Way back in the dawn of the internet, say around 1998 or so, I inherited a work email address that got a lot of odd junk mail. The previous user had apparently signed up for every crank and nutcase mailing list he could find. I never unsubscribed, because I, too, like free comedy.
So it was that I learned that black UN helicopters were irradiating cattle with fluoride, or that alien reptiloids were constructing concentration camps for Christians.
One frequent missive told me that the requirement for a driver's licence was a myth. Also: you didn't have to pay taxes if you didn't want to! These emails were coming from a small subsection of the right wing fringe in the United States, so I just rolled my eyes.
Imagine my surprise when I learned that this myth had taken firm root here in Canada.
Last week, we heard about a Fort Langley man who was stopped in Chilliwack for driving without a licence.
Tyler Olson of our sister paper, the Chilliwack Times, relayed the strange series of rationalizations the man gave to a very perplexed judge: he was a "natural person" and, as such, didn't have to get a driver's licence.
Chilliwack must be a popular spot for these guys, since it was earlier this January that a Chilliwack man, Russell Porisky, and his wife Elaine Gould had been found guilty of failing to pay tax on $1.12 million of income, and of counselling his students to commit fraud.
Porisky, now appealing, was running the Paradigm Educational Group, which ran seminars encouraging folks to consider themselves, you guessed it, "natural persons."
Porisky's philosophy, whether spread by him or others, has led to a scattering of tax prosecutions around the country, from B.C. to Manitoba.

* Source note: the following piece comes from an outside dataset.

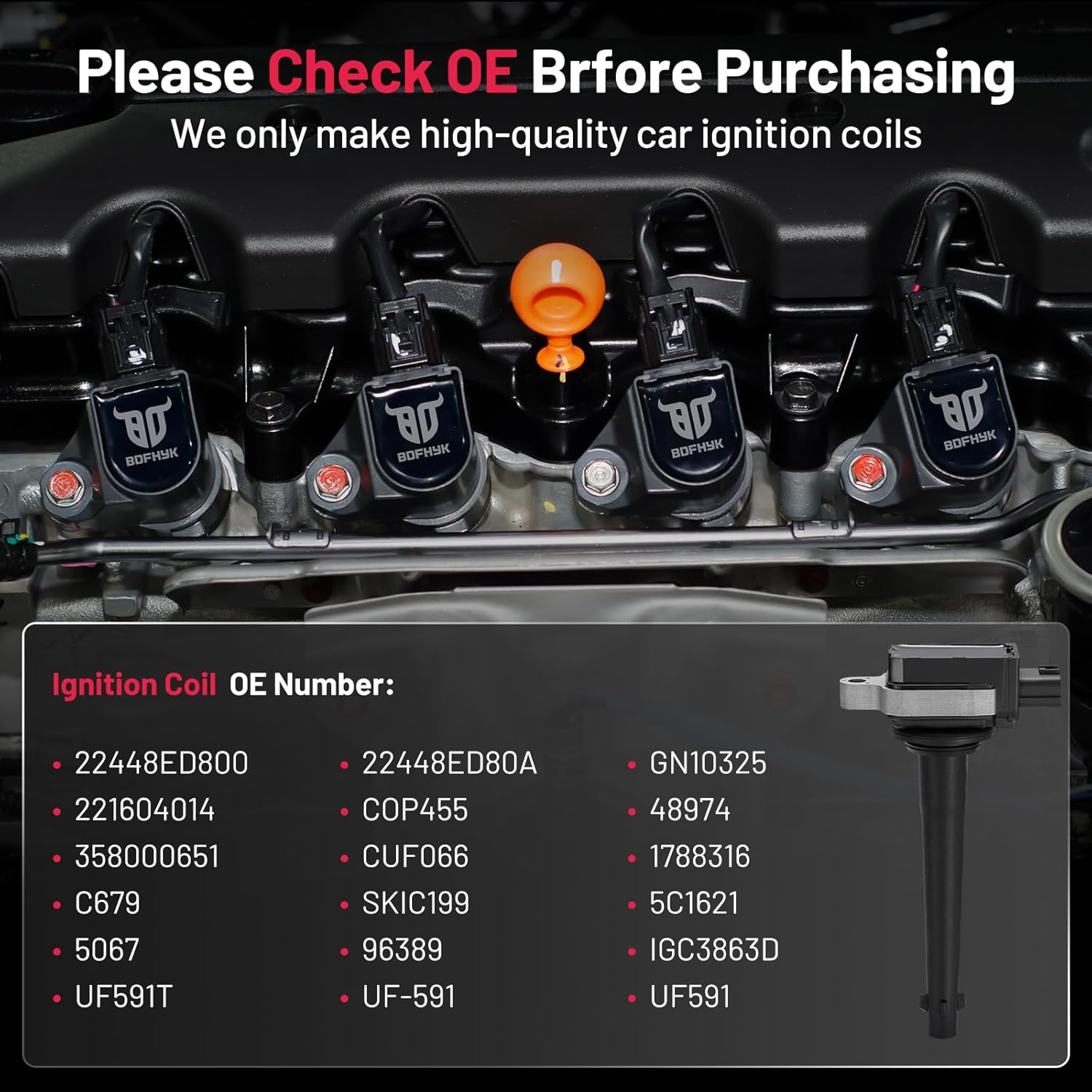 【About BDFHYK】We are a professional automotive component manufacturer with a mature industrial production line. If you encounter any issues with our ignition coil, please contact us immediately, and we will respond to you within 48 hours. We are committed to providing a 12-month quality guarantee service. Choose BDFHYK, choose high-quality coil packs.

The natural person movement is a weird cross between a political philosophy, a scam and a cult.
There are plenty of people who believe in less (or no) government, or radically different forms of government. But libertarians, anarchists and radical socialists all recognize that the government, you know, actually exists. They don't pretend that it can't throw you in jail.
Natural persons nuts seem to believe that a few semantic tricks - one website on the Canadian movement had an extensive, baffling section on grammar - can make you invisible to the taxman and other authorities.

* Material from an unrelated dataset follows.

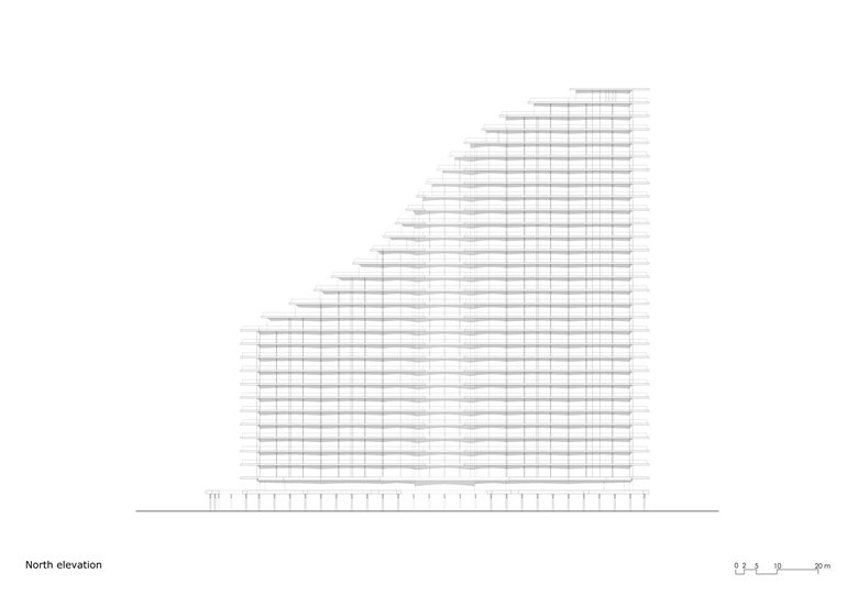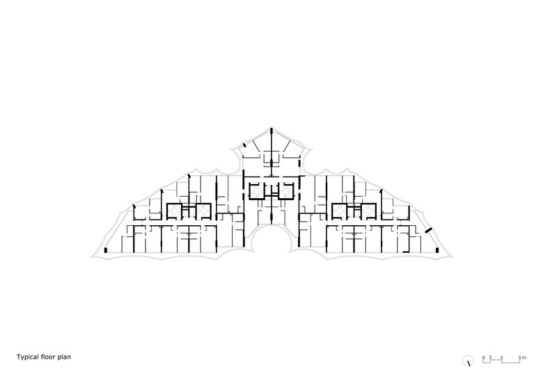 但我们建造的不是一个空间,而是一个场所,一个让人类在其中找到属于自己空间的场所。建筑周边的阳台在夏季提供遮荫,在冬季则能让阳光射入,满足了可持续能源建筑的基本法则。“地拉那之鹰” 是生活复杂性的一种综合体现。

They believe that a natural person is distinct from a legal person.
If you don't get a driver's licence, don't sign contracts and don't use your SIN card, you have a kind of magical get-out-of-jail-free card, they will tell you.
The thing that offends me the most about these guys isn't that they believe they shouldn't have to pay taxes.
It's that they're amazingly, staggeringly lazy.
A real revolutionary tries to free everyone. They kick and bite and claw and scream and try to do something about the state of the world.
The Occupy Movement and the Tea Party come from very different places, but they have passion in common.
By contrast, "natural persons" are happy to drive, unlicensed, on roads paid for with someone else's taxes. They're happy to put one over on the government, and to think themselves smarter than the rest of us, who are clearly idiots and dupes.
They're pleased to have the benefits of a largely taxpaying society, which they believe they can opt out of whenever it suits them.
They don't want to really change things for anyone else.
It's a sad, strange little world they inhabit.